I define the metric function: it passes the predictions though the sigmoid function, and whatever predictions are larger than 0.5 and are equal to the targets are marked as correct. This is performed for each batch, over which an average is then taken. Then the average over all the batches are taken (this average is calculated by the learner itself with the _calculate_accuracy method).

# Define metric function.
def accuracy(inputs, targets):
    predictions = linear_model(inputs).sigmoid()
    correct_predictions = (predictions > 0.5) == targets
    return correct_predictions.float().mean()
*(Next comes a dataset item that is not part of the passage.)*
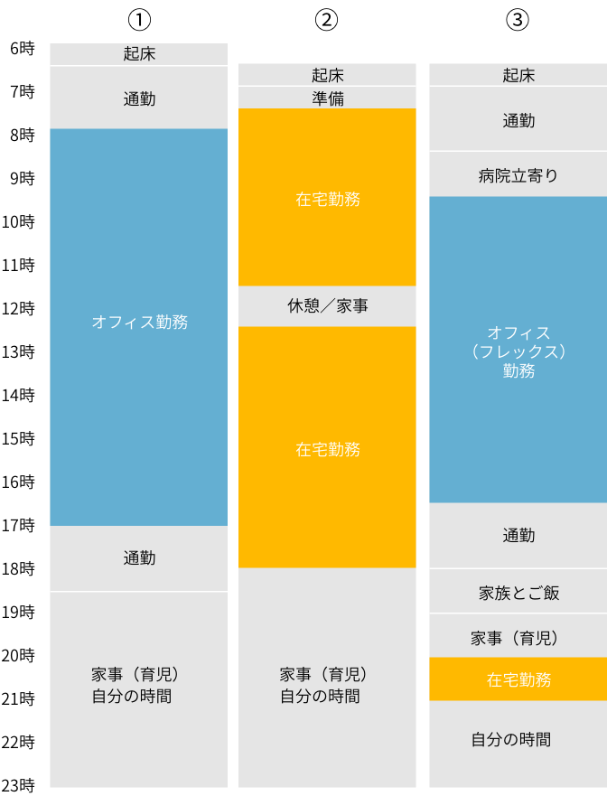 ③フレックス勤務と在宅勤務を組み合わせた例です。

Then I define the learner.

# Create learner.
learner = learner.Learner(
    train_dataloader,
    valid_dataloader,
    linear_model,
    l1_norm,
    accuracy,
)

Then I train the model.

learner.train_model(10)

And get the following output.

Epoch: 0; Accuracy: 0.5009
Epoch: 1; Accuracy: 0.5001
Epoch: 2; Accuracy: 0.4996
Epoch: 3; Accuracy: 0.4995
Epoch: 4; Accuracy: 0.4993
Epoch: 5; Accuracy: 0.4993
Epoch: 6; Accuracy: 0.4992
Epoch: 7; Accuracy: 0.4991
Epoch: 8; Accuracy: 0.4991
Epoch: 9; Accuracy: 0.4991
Epoch: 10; Accuracy: 0.4991
Epoch: 11; Accuracy: 0.4991
Epoch: 12; Accuracy: 0.4991
Epoch: 13; Accuracy: 0.4991
Epoch: 14; Accuracy: 0.4991
Epoch: 15; Accuracy: 0.4991
Epoch: 16; Accuracy: 0.4991
Epoch: 17; Accuracy: 0.4991
Epoch: 18; Accuracy: 0.4991
Epoch: 19; Accuracy: 0.4991

It seems that my model has converged because I also later printed the average loss for each epoch:

Epoch: 0; Accuracy: 0.5009
Average Loss: 0.25076560201135356
Epoch: 1; Accuracy: 0.5001
Average Loss: 0.013846351337164865
Epoch: 2; Accuracy: 0.4996
Average Loss: 0.01272650749265689
Epoch: 3; Accuracy: 0.4995
Average Loss: 0.012236580249740767
Epoch: 4; Accuracy: 0.4993
Average Loss: 0.01163589142683141
Epoch: 5; Accuracy: 0.4993
Average Loss: 0.011318306764167705
Epoch: 6; Accuracy: 0.4992
Average Loss: 0.011210138059825637
Epoch: 7; Accuracy: 0.4991
Average Loss: 0.011073978753461469
Epoch: 8; Accuracy: 0.4991
Average Loss: 0.010936616144913997
Epoch: 9; Accuracy: 0.4991
Average Loss: 0.0108073602966693
Epoch: 10; Accuracy: 0.4991
Average Loss: 0.010670954357019863
Epoch: 11; Accuracy: 0.4991
Average Loss: 0.010529087265934219
Epoch: 12; Accuracy: 0.4991
Average Loss: 0.010392412279412084
Epoch: 13; Accuracy: 0.4991
Average Loss: 0.010272278062197092
Epoch: 14; Accuracy: 0.4991
Average Loss: 0.010172289920671209
Epoch: 15; Accuracy: 0.4991
Average Loss: 0.010087506484102126
Epoch: 16; Accuracy: 0.4991
Average Loss: 0.010012260564198908
Epoch: 17; Accuracy: 0.4991
Average Loss: 0.009943498881840082
Epoch: 18; Accuracy: 0.4991
Average Loss: 0.009878894718829393
Epoch: 19; Accuracy: 0.4991
Average Loss: 0.009815361252436823

The logic of my accuracy function seems to be fine, but it must be going wrong somewhere.

I would really appreciate any insights and help!